Дарио Беллецца. Из книги «Выпады и увольнения» (1971)

Foto di Massimo Consoli
Foto di Massimo Consoli

Дарио Беллецца родился 5 сентября 1944 года в Риме. Поэт, прозаик, драматург. Сотрудничал в журнале Nuovi Argomenti. На раннем этапе творчества испытал влияние поэтов-символистов, Пьера Паоло Пазолини и Сандро Пенны. Переводил Рембо и Батая. Умер в Риме 31 марта 1996 года от СПИДа.

***
Я избороздил море субъективности
забыв о всех других морях.

И я не знаю чем угодить критику.

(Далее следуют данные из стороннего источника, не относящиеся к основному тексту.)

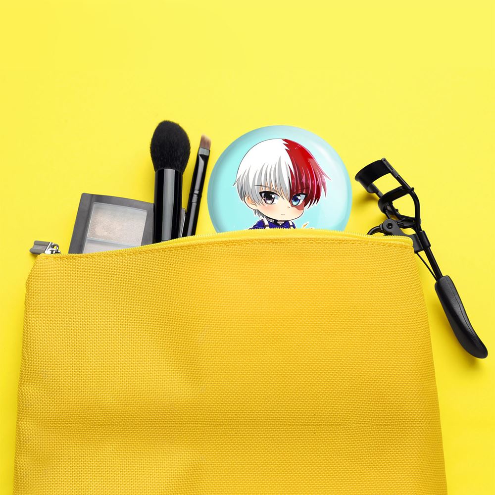 آینه های جیبی شوتو تودوروکی انیمه آکادمی قهرمان من My Hero Academia خندالو دایره ای به قطر 7.5 سانتی متر می باشد که نه خیلی بزرگ و غیر قابل استفاده در کیف آرایشی ست و نه خیلی کوچک که تصویر خاصی در آن مشاهده نشود. سایزی استاندارد و کارآمد دارد و مناسب قرار گیری در کیف لوازم آرایش و کیف های کوچک دستی نیز هست. بدنه ی آینه جیبی شوتو تودوروکی انیمه آکادمی قهرمان من My Hero Academia در قسمتی که آینه را در بر گرفته فلزی بوده و ظاهر براق و بسیار زیبایی دارد. چاپ طرح در پشت آینه بوسیله چاپگرهای دیجیتال شش رنگ با شفافیت و کیفیتی مثال زدنی انجام گرفته و با روکش لمینت حرارتی پوشیده شده که در مقابل آسیب و خط و خش مقاوم بوده و کیفیت بالایی دارد. آینه های جیبی شوتو تودوروکی انیمه آکادمی قهرمان من My Hero Academia خندالو با تنوع طرحی بسیار بالا، سلیقه هر نوع مخاطبی را تامین میکند.

Только
голос выпад вероломство

трусливая дерзость. Но по ту сторону моего
частично распотрошенного я уже присутствует
кое-какая наличность. Душевные муки

в порядке вещей во все нормальные времена
у нормальных людей. Отправиться

в путешествие по цивилизованным страстям:
в пансионат для поэта проклятого своим
таинственным проклятьем.

***
Бог толкал меня к смерти
в открытом море, предложив мне
шагнуть с его катамарана.

Но я был ревнив, я был правильный
мальчик и это заставило меня отступиться
поднять руки в ответ на сальные
шутки.

Запахи моря заполняли
лодки и в твоих глазах плясали
смешинки победы.

КАКОЙ ПОЛ У СМЕРТИ?

Какой у тебя будет пол, когда ты явишься ко мне,
если мечущийся Орфей не остановит на мне свой взгляд,
а Эвридика ленивая блядь?

Прощай, моя глупость, проглоченная
впопыхах в колючих кустах,
ты отрыгнулась мне ночью со шпаной,
которая неиллюзорными тычками вытрясает деньги
из соплеменников, в кинотеатре на окраине.

Но какой пол у смерти?
Мальчик. Девочка. До жути
родимая заключает меня в объятья, лишая сна,
пока заря спешит со своей агонией
и день обувает мир в цвета меланхолии;
пока давит мочевой пузырь
и естество умоляет эрекцию не делать ему
слишком больно, не слишком возбуждать безмолвного
сонного товарища;
и тогда глазастое лоно слушает, как я,
не видя иного выхода, молюсь фальцетом:
«Боже, суда жду невредим, своей смерти.
Не как палача жду ее, не как адвоката
дьявола, крючкотвора из канцелярии в горних высях,
в землю меня низвергающего. Да не претерплю я
жизни после смерти.

Боже, позволь умереть мне полностью, насовсем.
Чтобы мертвые меня, коллегу их, не прибили.
Далек день моего сотворения.
Близок день моей гибели.»

ПЬЕРУ ПАОЛО ПАЗОЛИНИ

Я то вымогаю, то свожу все к шутке и увольняю
свою душу наполовину пустую и повинную

и место на распятии свободно, одному ему
известно кто я: шпион и вымогатель
ненавидящий себе подобных. И у меня

нет желания вести эту грязную борьбу
со своим разрушением, с ее разложением.

Боже! Я хочу умереть.
Мне нет дела до Вечности. Я знаю
одно: во мне животное и лает.

***
Ночами меня исступленно преследуют
воспоминания о прожитых вместе днях: счастливый
конец связей нечаянных
и до боли выстраданных в кровати,
прежде чем пролиться на бумагу.

Вот я и страдаю, впрочем я всегда был
здоровей, чем мертвецы, которые тебя донимают,
чем кресты распинающей тебя моей невинной
оплошности, будто твой мир покоится
во мгле.

Я вынашиваю стихотворение, стиль, удар
правде поддых. Медленное вторжение
Рая в твою могилу, где толпятся
чудовища моих терзаний: враждебных
бессильных терзаний от того, что я банален.

ЭЛЬЗЕ МОРАНТЕ

Мальчики-наркоманы, личная охрана
Абсолюта, идут по утреннему
миру, пока не наступит вечер
их жизни: как воробушки
они рассеянно клюют,
что пригрезится им во время их путешествий.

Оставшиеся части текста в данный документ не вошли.